BRASILIA (Reuters) - Brazil’s ruling party urged senators on Tuesday to back a constitutional amendment that caps federal spending for 20 years and reject an opposition request that it be put to a national referendum, which would delay its approval until next year.
The flagship measure in President Michel Temer’s effort to restore Brazil’s fiscal discipline cleared the lower house of Congress last week and the government is confident it can win Senate approval by mid-December.
But leftist senators are demanding more debate on the austerity measure and have included a clause providing for a referendum before it can be put into effect. Any changes to the proposal would require approval in the lower chamber, making it all but impossible to pass this year.
Senator Eunicio Oliveira, Senate leader for Temer’s Brazilian Democratic Movement Party, said Brazil was running out of time to put its books in order and urged that the legislation be approved without changes.
“I am all for debate, but we must stick to the calendar,” Oliveira told reporters after reading the proposal to the standing committee on the constitution and justice, which will vote on the measure on Nov. 9.

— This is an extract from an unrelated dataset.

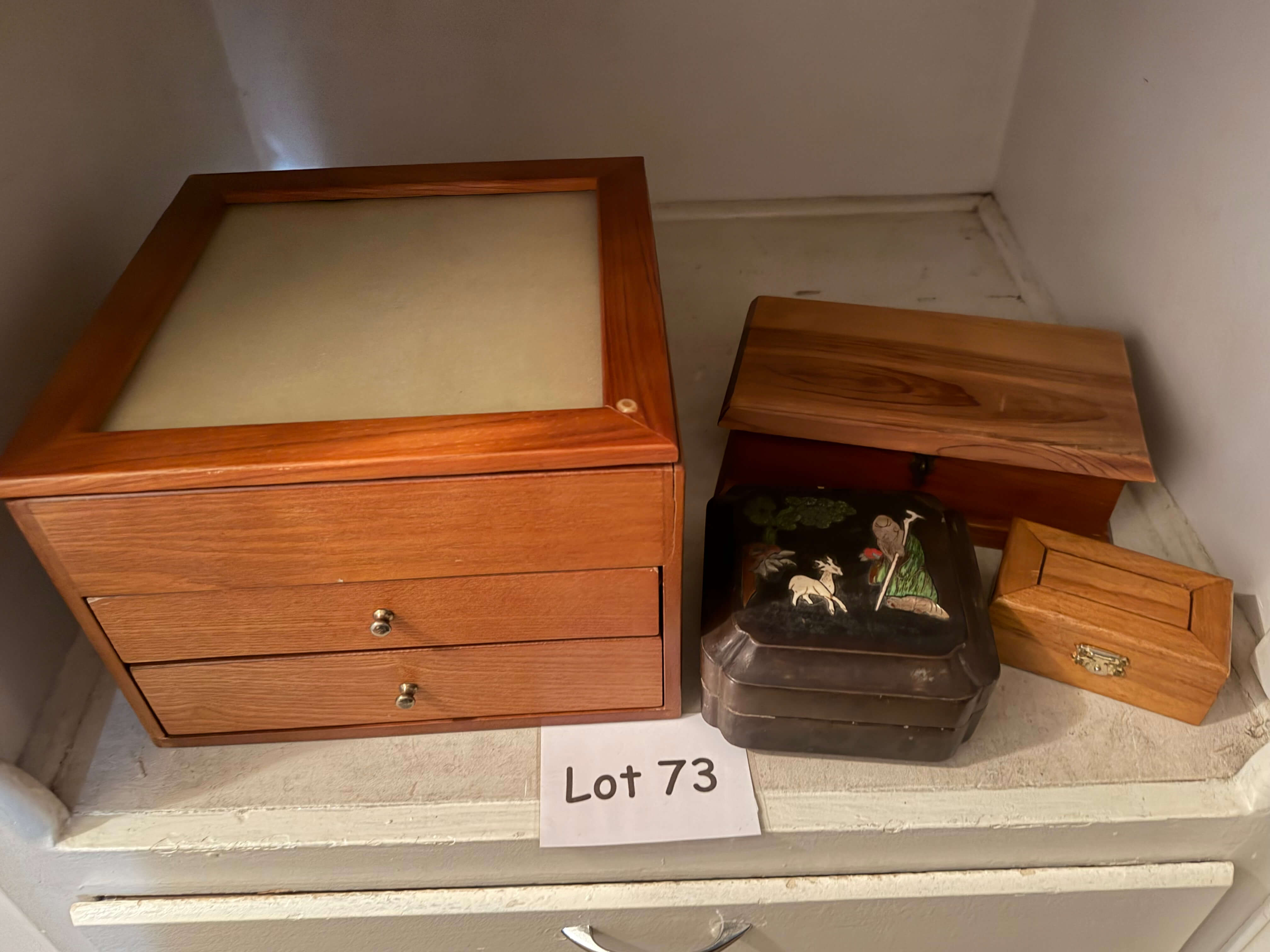 Variety of Wooden Jewelry Boxes, largest is 11"w x 11"d x 8"h

Two rounds of voting in the full Senate are scheduled for Nov. 29 and Dec. 13. The government enjoys a majority and expects to repeat its victory in the lower house, where the cap passed by a comfortable 359-116 margin.
Oliveira told Reuters that the opposition, led by the recently ousted Workers Party, were adopting delaying tactics. “They know they can’t win so they are trying to delay,” he said.
Workers Party Senator Gleisi Hoffmann, who proposed the national referendum on Monday, accused the government of stifling debate and rushing the legislation through because it does not want to discuss unpopular spending cuts.
The constitutional amendment would limit the growth of public spending each year for two decades to the rate of inflation of the previous 12 months, though it can be revised after 10 years. To make it more palatable to Brazilians, cuts to spending on education and health were put off until 2018.
The measure is aimed at plugging a budget deficit that ballooned to more than 10 percent of gross domestic product last year, costing Brazil its investment grade credit rating.